UN GENIE, PAS DEUX


L'annonce de la rupture survenue hier entre Morante et son apoderado Paula n'aura surpris que ceux qui pensaient que deux génies de pareille envergure pouvaient indéfiniment se cotoyer.

Tous les ganaderos le disent et Fernando Cuadri le rappelle dans l'opus 12 : deux caractères trop forts ne font jamais bon ménage, a fortiori si tous deux sont de nature semblable. Transposé de manière certes un peu audacieuse à la situation présente, le théorème se vérifie : deux génies aussi anticonformistes du toreo, puisant tous deux leur inspiration au plus profond de l'âme andalouse, ne pouvaient cohabiter longtemps au risque de se heurter.

En fait, depuis de nombreuses semaines le feu couvait, et de plus en plus l'entourage proche de Morante lui faisait comprendre que certaines choses ne pouvaient plus durer, le maestro Paula oubliant trop souvent que le rôle d'un apoderado est de défendre et protéger son torero, pas de l'enfoncer.

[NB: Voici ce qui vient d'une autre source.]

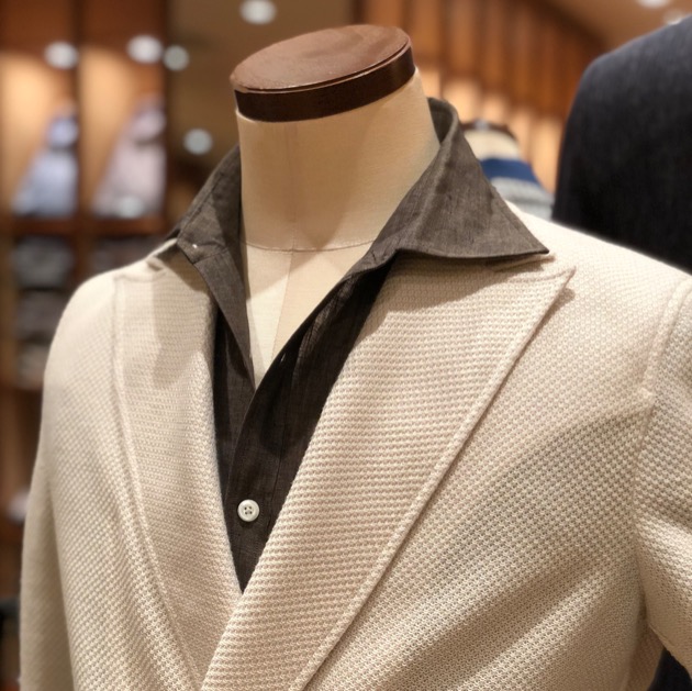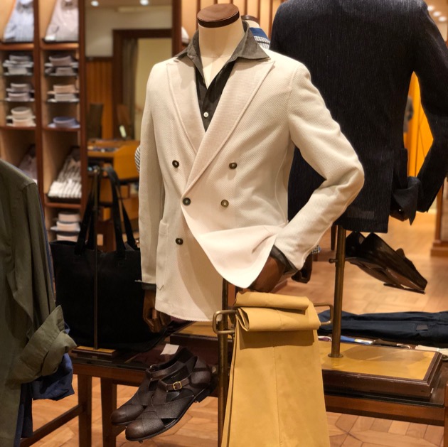オフホワイトのダブルのカジュアルジャケットにブラウンのリネンのシャツをこれまた襟出ししたスタイル。パンツはくすんだマスタードカラーのコットンパンツ、足元にはグルカサンダルです。

Mais quand on s'appelle Paula le magnifique on ne se refait pas, ce qui explique les quelques écarts de conduite qui ont sans doute beaucoup fait pour ternir la relation.
Premier accroc : quand Paula déclara dans une interview que Morante était un torero grandiose mais qu'il était meilleur que lui. Deuxième accroc : quand lors d'un festival, après que Morante ait magnifiquement toréé, Paula sortit en piste pour proclamer son torero numéro un, traversant ensuite la piste en disant qu'aprés ce qu'il avait vu plus rien ne méritait d'être regardé... Dans le callejon, les autres toreros, dont le Juli, apprécièrent et Morante dut excuser son mentor. Troisième accroc : chaque corrida toréée par Morante se transformait en happening, avant et après, le génial Paula, enfin libéré du poids de la responsabilité qui pèse sur tout porteur de lumière, se révélant être sur le tard un fameux boute-en-train.

Après un début de saison magnifique qui l'a vu triompher à Séville et se consacrer à Madrid comme un des grands artistes de l'histoire du toreo, Morante a donc estimé, le cap si escarpé de la Beneficencia étant passé, que le temps était venu de mettre un terme à ce qui restera dans les souvenirs comme une courte mais belle aventure humaine, avant qu'au niveau professionnel le côté romantique de l'histoire ne tourne au gâchi. Ce dont on ne saurait le blâmer.